Closed ryhnhao closed 5 months ago
@ryhnhao Hi, since ThinkTwice & DriveAdapter requires expert feature at every layer, we do not intend to open source Think2Drive related code recently. Thanks
@jiaxiaosong1002 Hi, thanks for your in-time reply.
I also notice that the paper claimed that TCP also employs expert feature. (As "As a result, methods (TCP/ThinkTwice/DriveAdapter) with expert feature distillation outperforms those without (VAD/UniAD) by a large margin.")
I wonder what's the difference between the expert feature of ThinkTwice&DriveAdapter and that of TCP? And why they are chosen different? To the best of your knowledge, are there other expert feature alternatives available for carla-v2 (apart from your great work Think2Drive)
Thanks a lot, and look forward to your reply!
And BTW, good luck to your papers :)
@ryhnhao Thanks!
We try our best to strictly follow the official implementation of each baseline. In TCP, it only uses 1D expert features as it does not involve any BEV transformation. We release the 1D expert feature in the Bench2Drive dataset (expert_assessment subfolder). In ThinkTwice and DriveAdapter, they use every layer of expert feature including both 1D feature and BEV feature.

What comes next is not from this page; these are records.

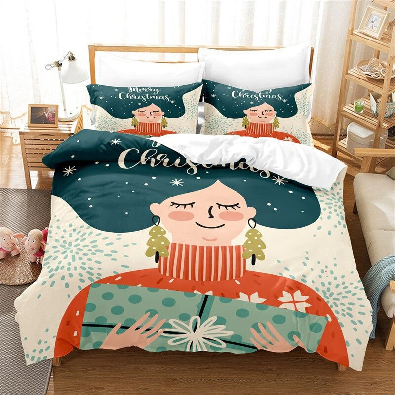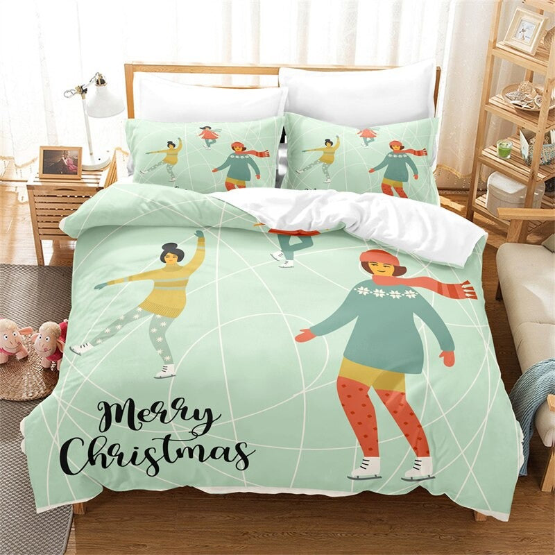 Bring a little holiday cheer to your bedroom with this festive Cartoon Christmas Celebration Duvet Cover Set! This set is perfect for the Christmas season and is sure to be a hit with kids and adults alike. The duvet cover features a cheerful cartoon Christmas scene with Santa Claus, reindeer, and snowflakes. The reverse side is a solid white color, and the set comes with two matching pillowcases. The set is made from soft and comfortable polyester fabric and is machine washable for easy care. Add a little holiday spirit to your bedroom with this cheerful Cartoon Christmas Celebration Duvet Cover Set!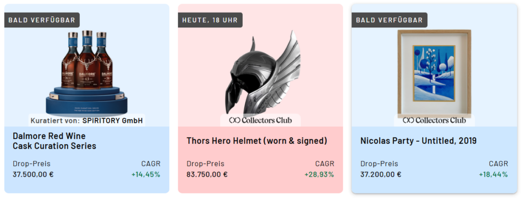 Direkt auf der Startseite siehst du die aktuellen „Drops“, also neue Investment-Möglichkeiten. Zu jedem Asset werden auf einen Blick die wichtigsten Infos angezeigt: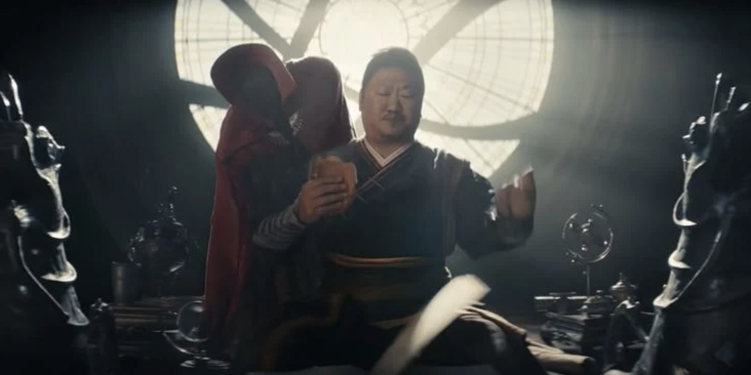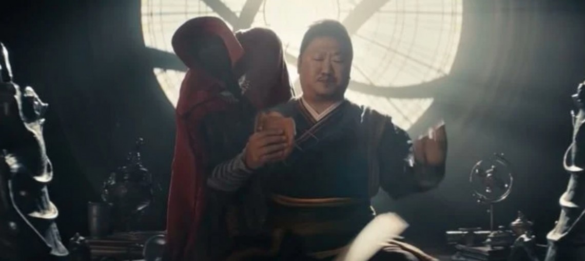 หว่องกำลังทานอาหาร อ่านหนังสือ และ ต่อสู้ ร่วมกับผ้าคลุมสีแดงตัวโปรดของด็อกเตอร์สเตรนจ์

I am not aware of any other expert with feature. However, there is a good open-sourced rule-based expert (https://github.com/autonomousvision/carla_garage/tree/leaderboard_2) if you need an expert.
@jiaxiaosong1002 Thank you very much. I don't have further issues.
Hi, Great and meaningful work on closed-loop benchmarking!
Now (Jun. 11th, 2024), the repo seems to have 4 methods released (AD-MLP & TCP & UniAD & VAD :) I wonder when ThinkTwice & DriveAdapter will be released. Do you have a schedule?
Thanks a lot, and look forward to your reply!